More needs to be done to stop people who drive aggressively, Fantino said, and he called for some new "meaningful consequences'' to make drivers change their habits.

"I'm advocating that if you speed 50 kilometres over the speed limit, you're racing,'' Fantino said.

"And then we should apply the racing laws to that and seize the vehicles and do whatever else is necessary.

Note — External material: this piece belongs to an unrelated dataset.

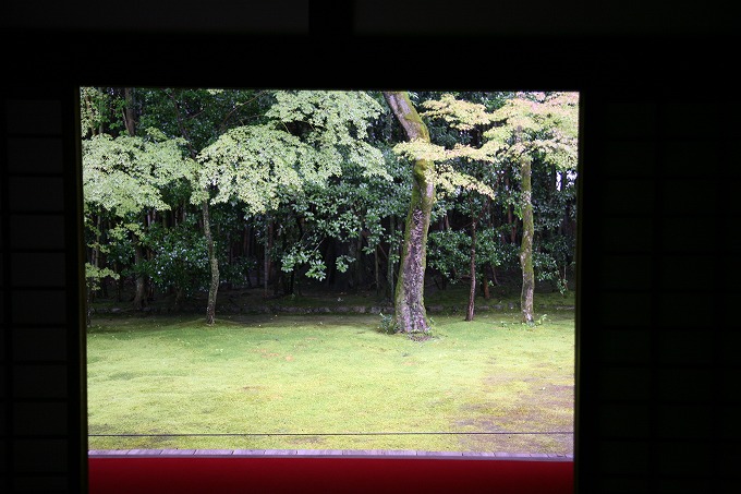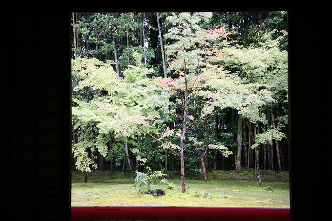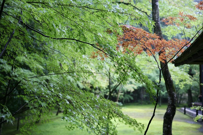 降りしきる雨の中に、楓の庭が見えました。

We have to stop all this.''

Fantino visited Ohio this past weekend to see how police planes are being used to catch dangerous drivers, and he said he'd like to import that idea to Ontario.

In just 30 minutes, he watched Ohio police take down eight "high-end'' speeders, and he became convinced the program should be brought across the border.

Fantino said the plan has no downside and would have negligible costs, considering the savings gained from preventing tens of thousands of deaths and injuries, plus costs associated with damages, insurance and lost productivity.

"If you factor all those things in, as I think we should, this is a minimal expense, one that I think is cost-effective, but more so, it's very effective in terms of saving lives,'' Fantino said.

The police force is launching a feasibility study to see if a similar program would work here, but Fantino doesn't think it will be a hard sell.

"I don't know that we're going to have a whole lot of difficulty here, but I wanted to do all the homework, look at all the ups and downs, pluses and minuses, and then put my case forward to the decision-makers,'' he said.

Bill Grodzinski, the commander and chief superintendent of the provincial police's highway safety division, said launching police planes isn't a new idea.

The force had planes watching motorists from the skies between 1965 and 1981, but the program was discontinued for reasons including cost, he said.

The force also borrowed an RCMP plane two years ago for a weeklong pilot project and was then convinced it was just a matter of time before the idea would be revisited.

"We liked the results, but obviously these types of activities involve a fair amount of investment, so at that point, we kind of put it on the backburner,'' Grodzinski said.

"We were waiting for the time to go back and have another look at it, and that time is clearly now.''

He said some initial cost estimates suggest Fantino's plan is affordable: leasing a plane would cost about $200 an hour, while purchasing a plane could cost some $380,000.

"When you consider the offsets of saving one life, that's a fairly reasonable investment,'' Grodzinski said.

When asked about the idea of putting police planes in the air, Premier Dalton McGuinty said he had not yet heard about the idea officially.